Assuming "cube root of" is the real-valued root.

There is an option to see the "principal root", but this just gave the same result.

Raising to the power 1/3

We learn early in the study of roots and fractional powers that we can write roots in terms of fractional exponents. In general, that means:

a^(1//n) = root(n)(a)

So for square root we have:

9^(1//2) = sqrt(9) = 3

and for cube root:

125^(1//3) = root(3)(125) = 5.

So we would expect the graph for y=x^(1//3) to be the same as the one for y = root(3)(x).

But it isn't. Here's what Wolfram|Alpha returns when I ask it to graph y=x^(1//3):

cube root
[Image source: Wolfram|Alpha]

The blue curve is labeled "real part" and the red curve is "imaginary part".

Curiously, the "Input" value is stated as: root(3)(x), but that's not actually what I entered. So part of the answer regards root(3)(x) = x^(1//3), but the rest of the answer does not.

We know from the section on complex roots (see especially Exercise 4 at the end), that a cubic equation will have 3 roots (just as a quadratic equation has 2 roots). These 3 roots may be all real, or a mix of real and complex roots.

Wolfram|Alpha is right to indicate there are imaginary parts, but is their graph correct? Surely the cube root of a negative number should be negative?

Example: What are all the cube roots of −8?

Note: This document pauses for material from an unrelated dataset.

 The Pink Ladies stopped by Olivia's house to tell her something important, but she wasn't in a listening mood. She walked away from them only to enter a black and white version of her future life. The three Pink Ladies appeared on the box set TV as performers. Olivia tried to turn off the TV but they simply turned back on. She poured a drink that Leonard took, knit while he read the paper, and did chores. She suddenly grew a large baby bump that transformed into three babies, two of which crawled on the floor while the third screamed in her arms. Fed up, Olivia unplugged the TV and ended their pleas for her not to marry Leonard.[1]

I zoomed out a bit to get this graph, and added some guide segments (in green):

cube root
[Image source: Wolfram|Alpha]

Using the same thinking as Exercise 4 mentioned earlier, the complex solutions for x3 = −8 should be 120° apart, giving (where j=sqrt(-1)):

x = −2

x = 1 + 1.73j

x = 1 − 1.73j

The above graph does give us one of these solutions (the middle one, since we can see the real part is 1 and the imaginary part is 1.73), but it doesn't give the other two solutions.

Once again, the page tells us it is assuming the "principal root", and gives us the option to choose the "real-valued root". If we do that this time, we get the real root only version, looking like the graph at the top of the page.

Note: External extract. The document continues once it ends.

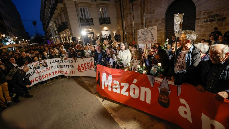 Hundredvis af mennesker samledes den 9. november, præcis et år efter den første demonstration i Valencia på grund af oversvømmelserne, indkaldt af omkring tyve sociale, borgerlige og faglige foreninger. Den første demonstration fandt sted elleve dage efter tragedien under råbet "Mazón, afgang", og demonstrationerne er blevet gentaget en gang om måneden. Det pågældende råb, efter præsidentens afgang sidste mandag, er nu blevet forvandlet til "Mazón, i fængsel og regeringens afgang".

Scientific Notebook answer

Scientific Notebook gives the following 2 graphs, which I've overlaid.

Bloodhound car

The blue graph is y = root(3)(x), and Scientific Notebook gives the full real solution (in first and third quadrants), while the magenta (pink) graph, y=x^(1//3) is in the positive quadrant only.

Geogebra and Desmos answers

Both Geogebra and Desmos give the same "full real value" graph for both y = root(3)(x) and y=x^(1//3).

cube root

Similar issue to square root

I've written before about the number of solutions for √16. The answer there is one solution of course, whereas if you are asked to solve x^2=16, you will get 2 solutions.

Wolfram|Alpha and Scientific Notebook recognise there is a difference between root(3)(x) (there is one "principal" answer each time) and x^(1//3), where we need to remember the complex roots.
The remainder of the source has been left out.